Так что же он есть, поэт, отдельно от своих стихов, то есть в той несловесной (не скажу: непоэтической) области, в которую, по мнению замечательного московского поэта Александра Леонидовича Величанского, не следует заглядывать ни поэту, ни тем более охочему до всякого рода (по человечности более ему понятных, чем неразговорный план стихового языка) подробностей читателю. Я лично не придерживаюсь подобного рода мнения и все время пытаюсь осознать непостороннесть и неотрывность жизнеявления поэта от его чисто словесного образа. Кстати, запомним эту страсть читателя к вехам человеческого (зачастую мифологизированного) пути поэта.
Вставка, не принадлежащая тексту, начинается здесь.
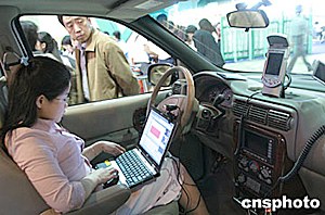 五月中旬,在北京科技周展覽會(huì)上,一種可在移動(dòng)的汽車上完成全套辦公業(yè)務(wù)的“車載辦公室”向觀眾亮相!败囕d辦公室”有無線網(wǎng)絡(luò)、衛(wèi)星導(dǎo)航、傳真打印等各種配置。中新社記者:史利

Так что же он есть в наше время, поэт, отдельно от своих стихов? Собственно, он есть то же самое, что и был всегда – дитя, охочее до внимания и славы, которые его непременно ждут (либо должны ждать) в отведенной им и ему области общественного бытования поэзии. Правда, мне могут возразить, что есть примеры чистого и стоического служения единственно слову, но я осмелюсь утверждать, что это – тип ущербного подвижничества (я не утверждаю, что поэзия этого рода ущербна, а в смысле целостности образа и функции поэта как представителя поэзии в обществе людей). Это тип подвижника, не сумевшего (по недостатку ли понимания или мужества) найти истинное поле для возделывания, служения, соответственно точному и естественному развертыванию своей личности. Такое творчество условно может быть отнесено к поэзии только по причине словесности отходов молитвенных (назовем условно) трудов.

Так что же он есть, поэт, отдельно от своих стихов? Например, входит он, поэт, в какое-либо общество людей, одетый в черный, сюртучного покроя, вельветовый пиджак, с поддетой под него светлой рубашкой, и в светлые же брюки (он может быть одет совсем и иначе, но мне легче представить себе подобное одеяние, поскольку именно в таком виде я обычно сам являюсь в общество), так входит он, поэт, и быстро, незаметно, почти опасливо оглядывается – стало ли событием его появление? Нет. В данном случае – нет. Тут подходит к нему, поэту, некий знакомец, заводит какую-нибудь беседу, и тут поэт (еще не в полную силу), так как не до конца уверен в ситуации, начинает являть свой образ, но пока сдержанного размера. Знакомец, отговорив свой разговор, отходит и за спиной поэта извещает о его имени. Поэт якобы озабоченно осматривается, словно бы выглядывая кого-то, и перехватывает любопытствующие взоры, свидетельствующие о том, что публика уже почувствовала себя в присутствии поэта. Поэт окрыляется, в силу своих возможностей, и становится тем, чем должен быть поэт на публике.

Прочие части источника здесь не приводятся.